As someone with roots in organismal biology, my curiosity has always come in two flavors: how and why. The how addresses proximal questions of genetic, cellular, and developmental mechanisms, and the why addresses larger evolutionary questions. The primary focus of my research is reproduction, which is of fundamental importance to human health and society, evolution, animal science, and conservation. Reproduction appeals to me as a system of inquiry because of its incredibly complex, multi-factorial nature, as well as overarching themes of conflict, cooperation, and coevolution between the sexes.

My system of choice is the Drosophila fruit fly. Not only is it one of the first genetic model organisms boasting a powerful arsenal of tools and resources, it exhibits remarkable phenotypic diversity across 2000+ species, and it claims the world’s longest known sperm in D. bifurca at 5.8 cm long. One major goal of my research program is to understand the functional significance of these giant sperm, how they interact with the female reproductive tract, how variation in sperm length is regulated, and how pleiotropy and modularity among sperm traits influences their evolutionary trajectory.

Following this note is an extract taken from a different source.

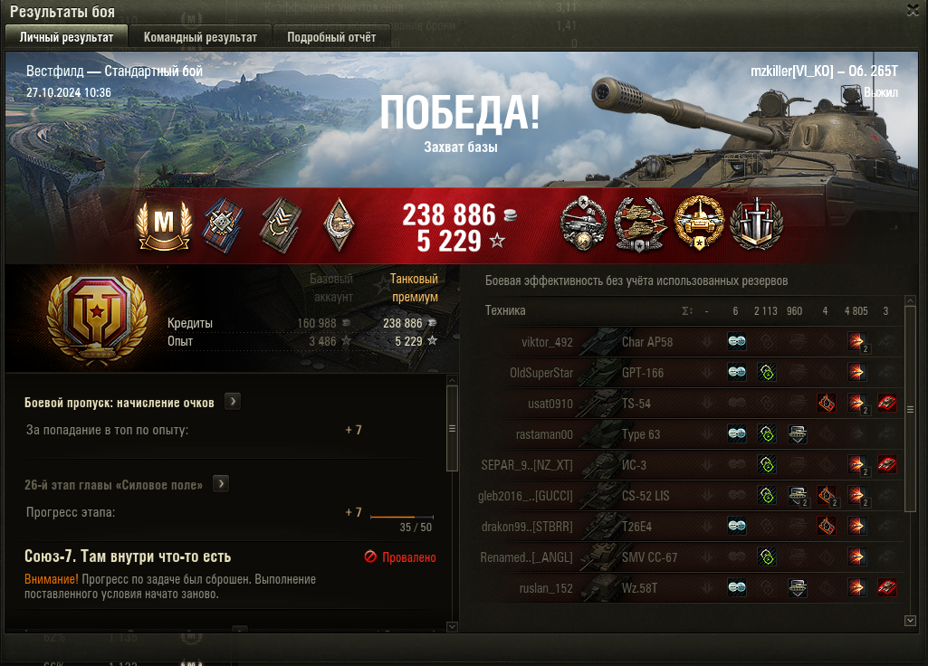Всем привет, вот и настало время, 3 отметки взяты, танк освоен. Оборудка - бон стаб, бон досыл, трофейная турбина т3, инструкция на досыл. Снаряды - 16 бопс, 5 бб ,1 оф. Модернизация только 4 и 5 - оба правые. Коротко по плюсам и минусам: + 1. Прекрасный урон, да максималку мы увидим не каждой тычкой, но она регулярно появляется на экране (гораздо чаще чем на 279). 2. К такому стволу нам дали условно нормальную броню, да есть лючки на башне, но их можно перекрыть пушкой + что-то от борта отбить. 3. К броне дали приличное количество ХП, как минимум любой размен будет в твою пользу. 4. УВН, хороший уровень комфорта игры - 8 позволяют играть на любом рельефе. 5. Урон по модулям, он отличный, криты летят часто. - 1. Габариты - ооо в этом слове прекрасно все, если вы не играли на Тайп5 хеви, вы застрянете на узких улочках Химок). У нас укрытия не рассчитаны на такую ширину машины, тебя везде видно. 2. Подвижность - сносная при определенных условиях, мы не гонка, но в целом успеваем в динамику боя, это позволяет реализовать бопсы, на хорошем уровне, однако на части карты у нас проблемы с тем что бы приехать к началу замеса. 3. Стаба и сведение, нужна оборудка, что-бы все это дело привести в чувство, игра вынуждает отказываться от закалки. 4. Криты - из-за пункта выше мы не можем себе позволить увеличить хп модулей. Сам горел редко, но бывает, что за бой по 2 раза баки выбивают в желтое, короче не очень приятно. Все остальные характеристики общие для 11 - хороший обзор, пропадающие в заборе бопсы, 2 гусля, все есть, сносная точность, нормальное кд и оно как у всех. Абилка - 2 стороны медали, иногда можно сделать весело 3 противникам за 20 секунд, но это скорее исключение. Нереально поджигает 5 точку, когда при абилке ты капаешь землю, просто минус мораль от такого. В остальном, если все правильно сделал, цифра урона в конце боя тебя порадует. При этом ее не надо держать до последнего, если чувствуешь, что надо дать тычку спокойно жмем ее. По результатам: На 3 отметки ушло - 215 боев. 3 дня сидел на отметке 94,5 - 94,9, пока не получилось подряд 3 нормальных боя. Мастеров, как обычно дают "Справедливо" - набил 10к, но фрагов нет, держи 1 степень)) Рекордный бой по урону - 12 921. Общие выводы и впечатления: Бзт брал 1 за орбиту, выглядит он конечно потрясающе, чисто Бейн блейд (во славу Императора). Под мой геймплей танк подошел, он позволяет на передке делать весело, да тебе также делают весело, но в основном ты всегда в плюсе. Нашу пушку реально боятся, из-за этого почти все бои ты навязываешь игру противнику и играешь 1 номером, точно так же как и на 279. Спецом не брал мбтб, т.к. там нужно потеть, что бы показывать результаты, от игры из-за этого устаешь еще больше, а тут можно расслабиться, и получать удовольствие, а уж как приятно его дарить другим, ну вы поняли короче. Бзт- 9 китайских миска рис из 10 сейчас в нашем рандоме. П.с. почему так криво работает балансировщик 11 тяжей понять невозможно. Кинуть 5 бзт против 5 279, ну где тут логика, неужели нельзя было их смешать. Из-за этого регулярно происходят казусы в виде боев со счетом 3-15, или 15-2. Где-то читал/смотрел, что 279 это контра Мбт-Б, который контра БЗТ, который в свою очередь контрит 279. Заявление спорное, по моим ощущениям он одинаково хорошо с ними справляется.

Complex interactions mediate the outcome of sperm competition, also known as paternity success. Sperm length interacts with sperm numbers as well as with length of the female’s coiled tubular sperm storage organ, the seminal receptacle (SR), in a way that is contingent on phenotypes of the first male, second male, and female. Sperm length and SR length are positively correlated across Drosophila species, a pattern that may be mediated by these functional sperm-SR interactions as well as by a genetic correlation between sperm and SR length.